Philpott described this species as follows:

♂. 11 mm. Head and thorax pale brown. Palpi, 2nd segment brown with apex whitish, terminal segment fuscous, with apex whitish ochreous. Antennae ochreous annulated with fuscous, ciliations in ♂ 1. Abdomen purplish grey. Legs ochreous mixed with fuscous, all tarsi banded with fuscous. Forewings with costa hardly arched, apex broadly rounded, termen rounded, oblique; white, densely irrorated with pale fuscous except beneath fold; markings consisting of obscure brown fascia and pale yellow spots; a rather large yellow patch on dorsum at base; a brown stripe along fold connecting with a slightly outwards-curved fascia from costa at 1/4 ; a rather prominent yellow spot at junction of these two fasciae and some yellow scales mixed with fascia from costa; a brown fascia from costa at 1/2 to tornus enclosing a yellow spot in disc and with some yellow scales at tornus; an obscure brown subterminal fascia containing some yellow scales: fringes brown with some white and yellow scales.
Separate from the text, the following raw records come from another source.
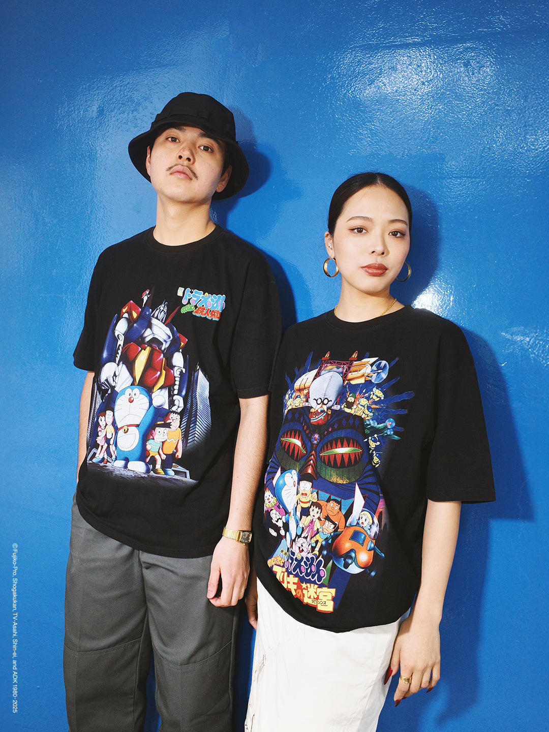ドラえもんの歴代映画43作品のポスターをモチーフにした臨場感あふれるビジュアルをフロントに大胆にプリント。
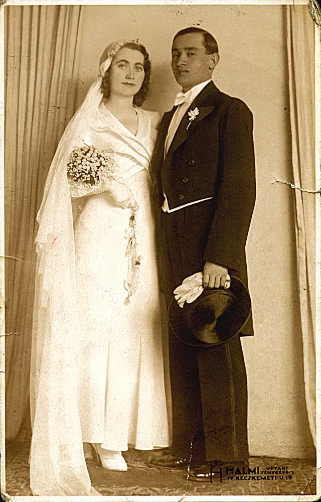 Ez a testvérem, Etel esküvői képe. Nem sokkal én utánam ment férjhez Schneller Józsefhez. Talán 1934-ben vagy 1935-ben. A kép Budapesten készült.
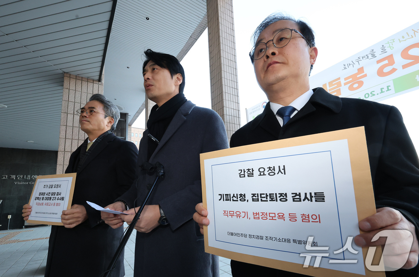 (과천=뉴스1) 장수영 기자 = 더불어민주당 정치검찰 조작기소대응특위 한준호 위원장(가운데)과 이건태 부위원장(오른쪽), 김기표 의원이 5일 오후 경기 정부과천청사 법무부에 감찰 요청서를 제출하기 앞서 기자회견을 하고 있다. 특위는 이화영 전 부지사 위증 재판 집단퇴정 검사 등에 대한 감찰요청서와 정재창 사건 담당 검사 등 대장동 2기 수사팀 직권남용 및 위증교사 혐의 추가 감찰 요청서를 법무부에 제출했다. 2025.12.5/뉴스1
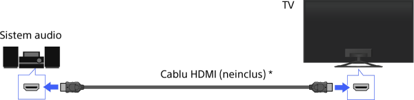 Conectaţi un sistem audio (de exemplu, sistem home theatre) la ieşirea HDMI a televizorului, cu ajutorul unui cablu HDMI.
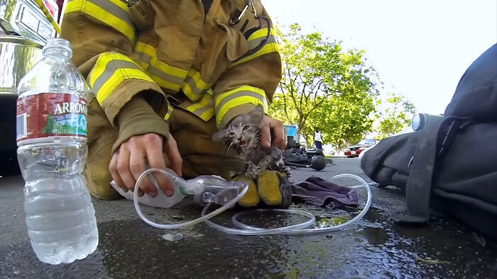 "Australian Firefighter feeding a koala some water after a wildfire. "
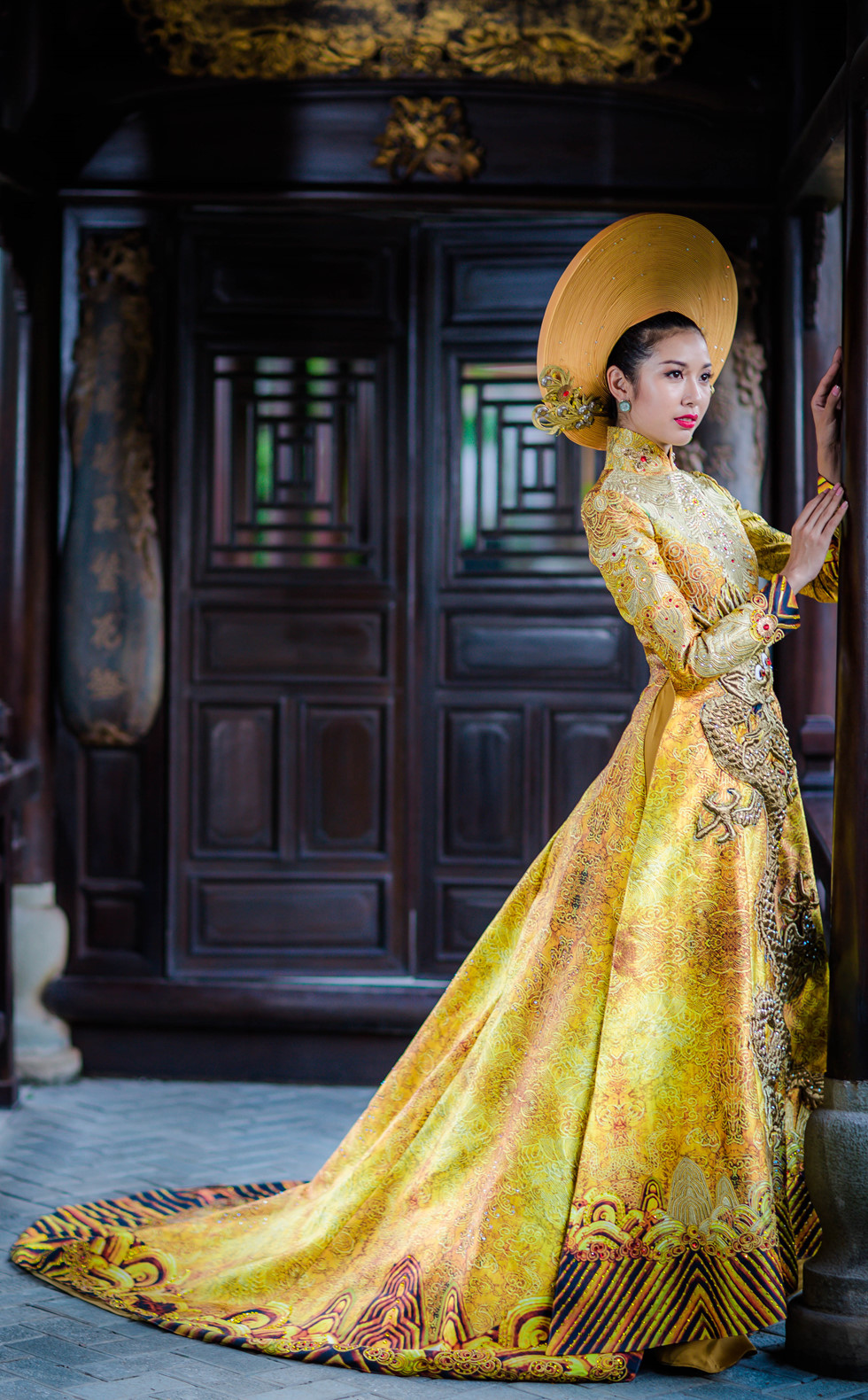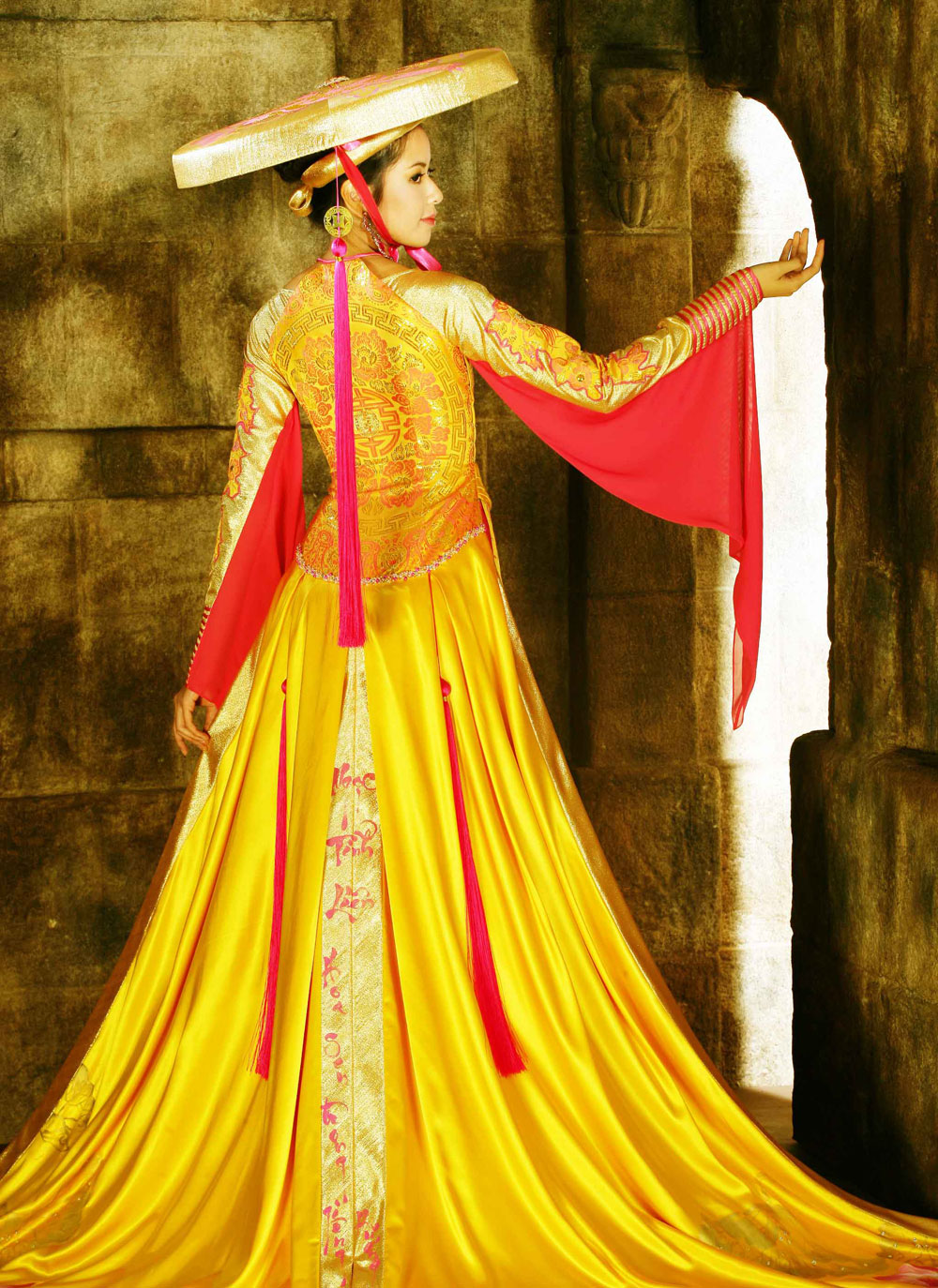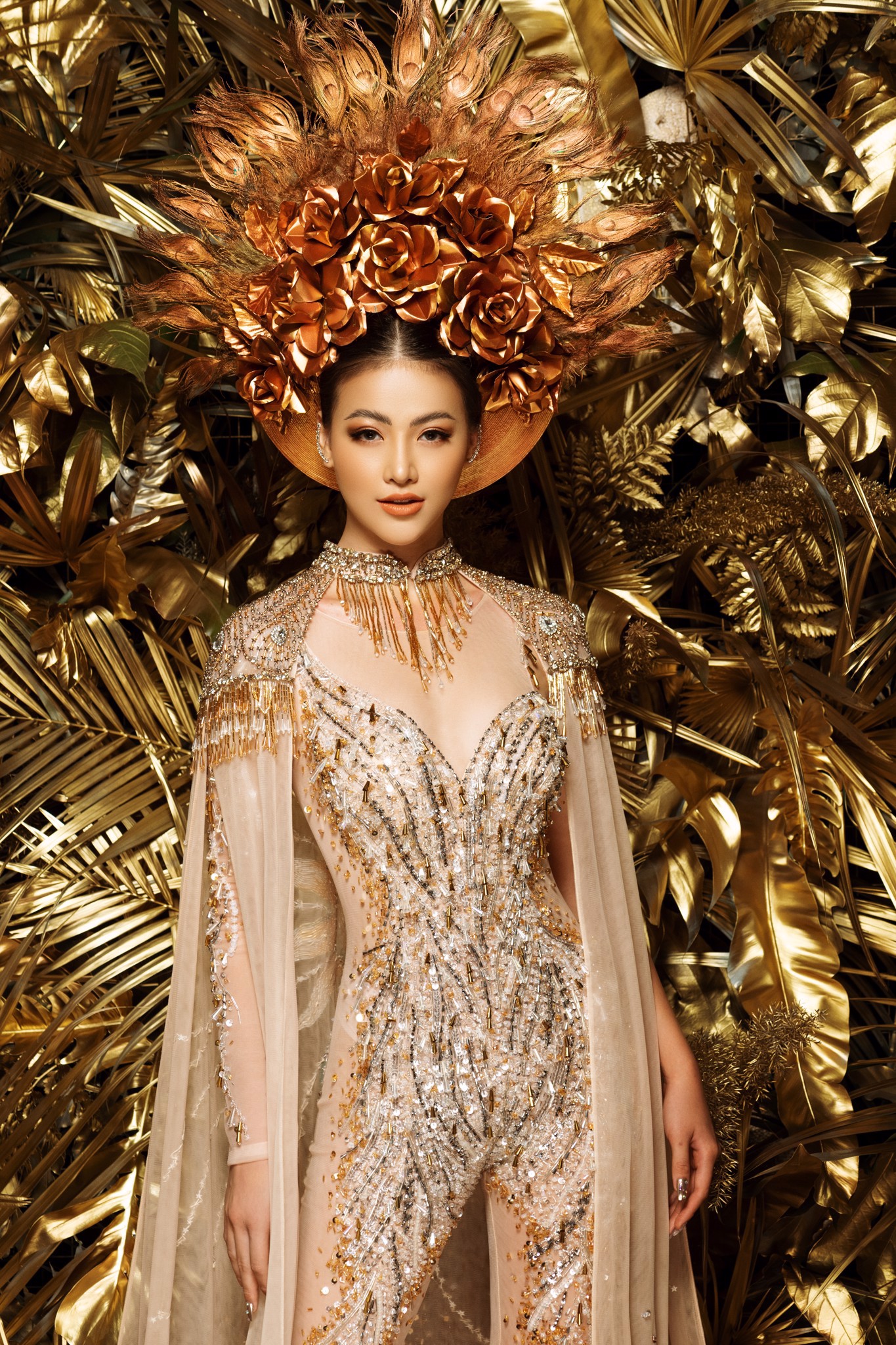 Bộ trang phục dân tộc phản ánh đúng tinh hoa văn hóa dân tộc Việt với hình ảnh con rồng phương Đông hướng về mặt trời. Lấy tông màu vàng làm chủ đạo, vừa toát ra vẻ uy nghiêm vừa lộng lẫy khi trình diễn trên sân khấu.

Hindwings and fringes fuscous grey.

==Distribution==
This species is endemic to New Zealand and has been observed in Otago.

== Habitat ==
This species has been observed in both subalpine habitat at altitudes of up to 1100 metres, resting on rock faces, as well as at sea level near a residential stream.

== Behaviour ==
The adults of this species are on the wing in November and December.